We've been discussing how to improve our tooling and processes in open
forums for years now, most frequently on dev-platform. Despite that,
it's true that a lot of the major influences of this decision have been
mostly invisible to people who aren't involved in the day to day work on
infrastructure and tooling, in the way that icebergs are mostly invisible.
Some of the things that haven't made it into this thread that have
influenced this decision include:
- a real and pressing requirement to update our commit access policies
and practices, and backstop them with reliable tooling (a discussion you
participated in, as I recall),
- the significant engineering burdens (including opportunity cost and
bus-factor risk) of being the sole owner/user of a major piece of
infrastructure software that's not our core product, and
- the much more pernicious set of hidden costs we incur from _failing_
to standardize on certain tools and processes.

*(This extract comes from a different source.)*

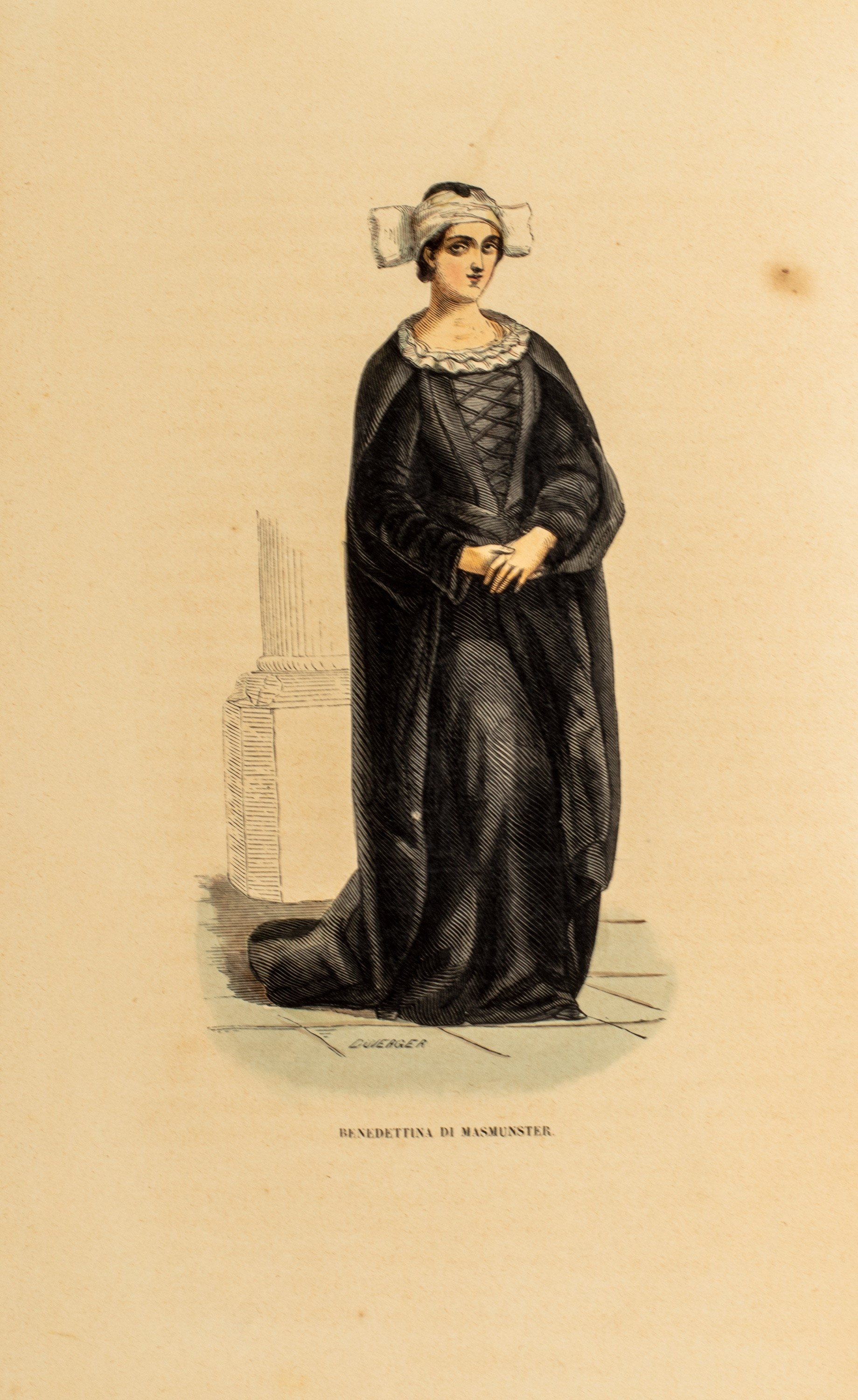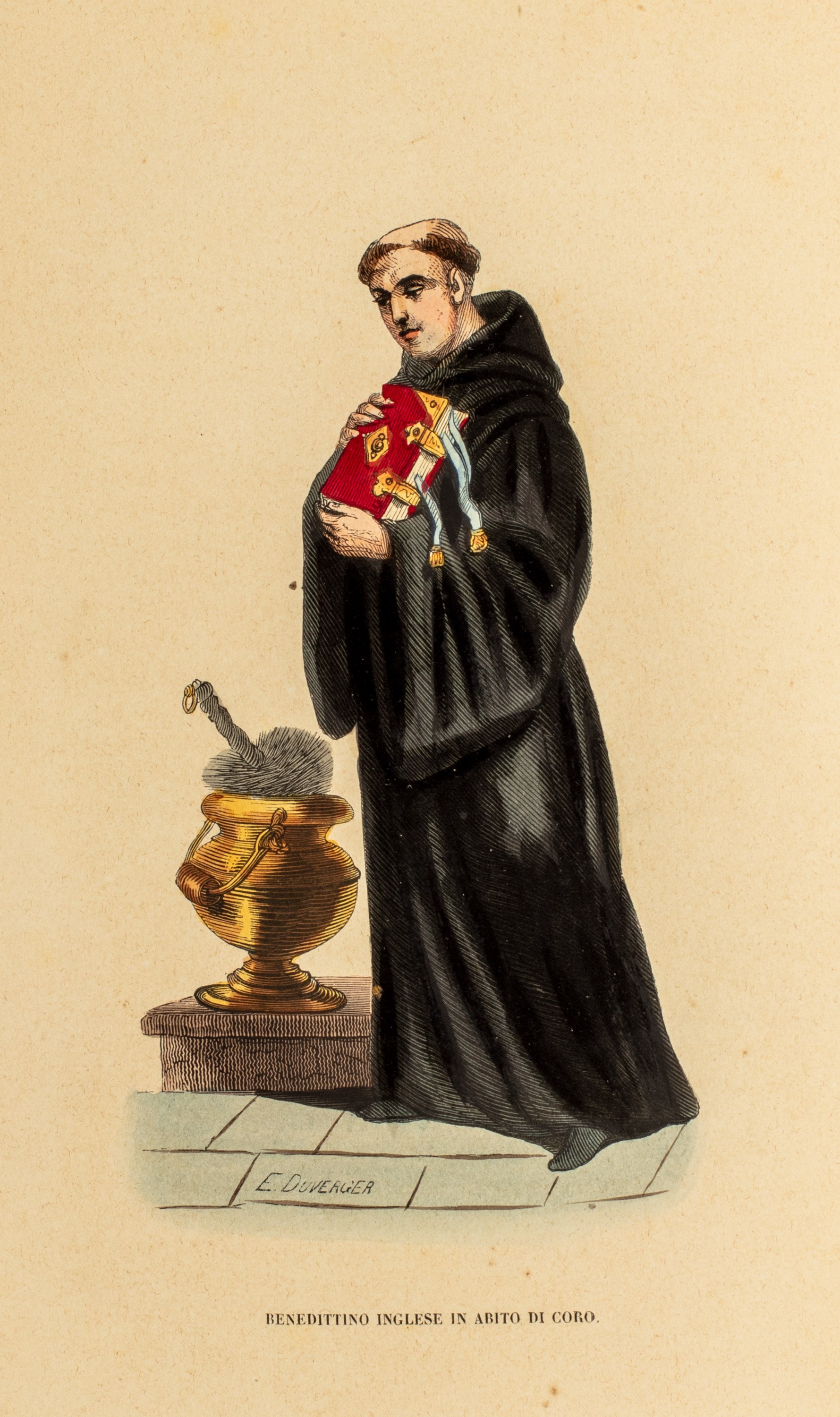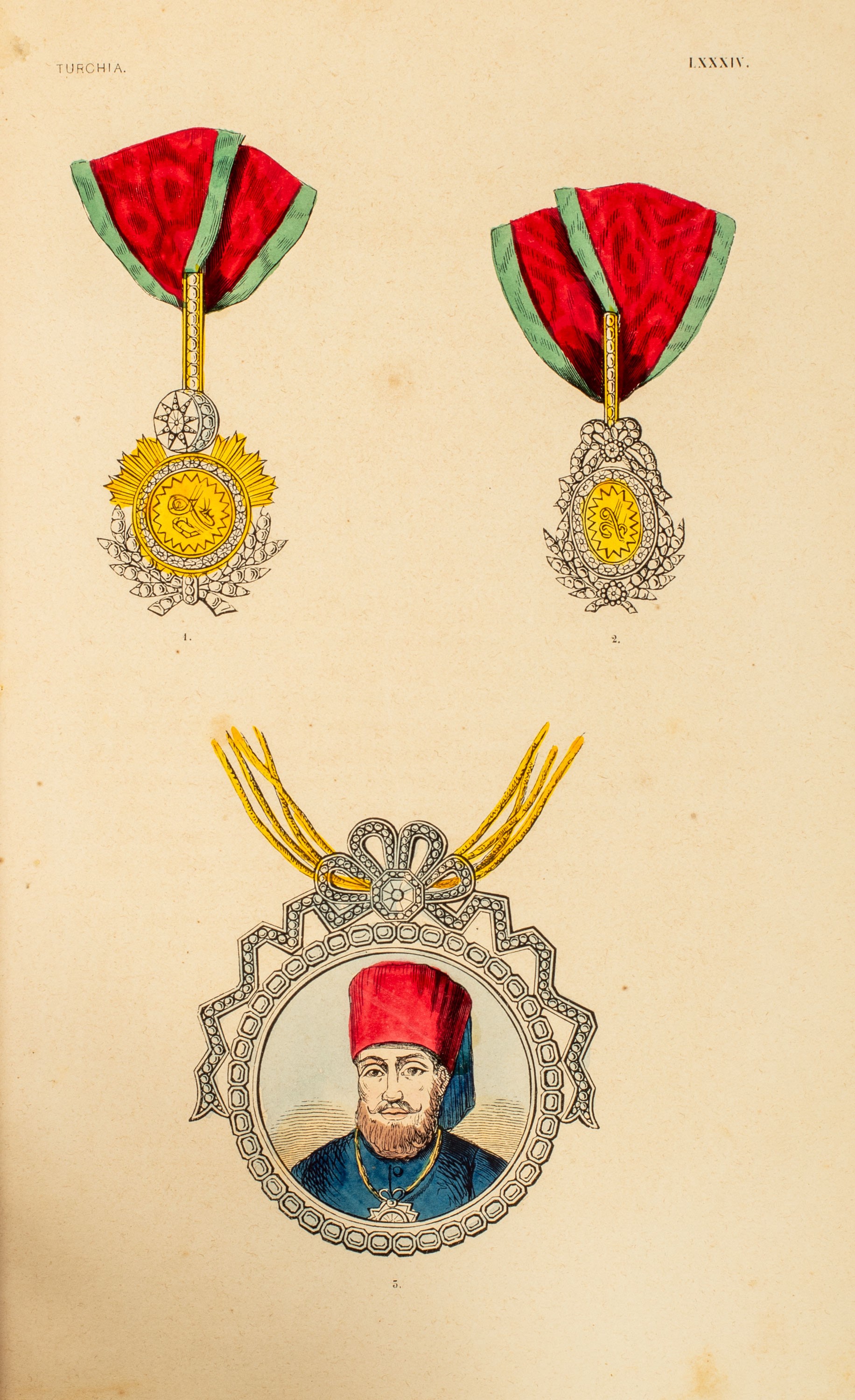 1845 Torino, Stabilimento tipografico Fontana, 1845. In 4°. Solo il vol. primo. Con solo 65 tavole litografiche colorate a mano incise da Duverger, raffiguranti personaggi con i costumi caratteristici dell’ordine di appartenenza. § Descrizione storica degli ordini cavallereschi. Torino, Stabilimento tipografico Fontana, 1846. Solo il primo vol. Con solo 22 tavole litografiche colorate a mano raffiguranti medaglie, onorificenze, stemmi e decorazioni, gore d’acqua, fioriture ed arrossature, medesima legatura in piena pergamena dell’epoca, al dorso tasselli in pelle di diversi colori, autore e titolo impressi in oro, difetti.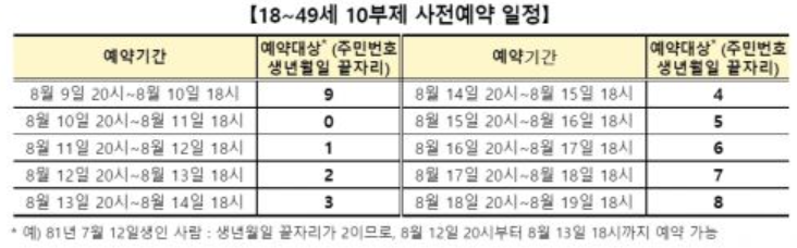 - 예약 기간 : [백신 10부제] 8/9(월) ~ 8/18(수), <추가 예약 기간> 8/19(목) ~ 9/17(금)

It's a very serious drag on product development and contributor
participation if everyone - paid senior engineers and new contributors
alike - needs to use _this_ tool and process and coding style (and and
and) to participate in one part of the project, and _that_ etc. etc. to
participate in another. Or, sometimes, even other corners of the same
codebase.
Each of those on their own is a huge deal, probably big enough to
warrant a major change in our tooling and processes. And it's true that
we haven't done a great job of explicitly spelling out what a big deal
they are, and how much they've informed our decision-making. But while
we support - and will always support - user choice in our products,
there aren't enough engineering hours in a year for us to support a
bunch of different ways of shipping, securing, measuring and improving
the tools and processes that provide those choices _to_ our users.
So, yes, we could have done a better job of communicating here and
making our process more transparent, but I'm very confident that this
decision will make life a lot better for Mozilla's casual contributors
and broader community as much as for Mozilla's full-time engineers. If
you'd like to dig into the details of "why" I'd be happy to do so. And
if we can do that without unnecessary snark, all the better.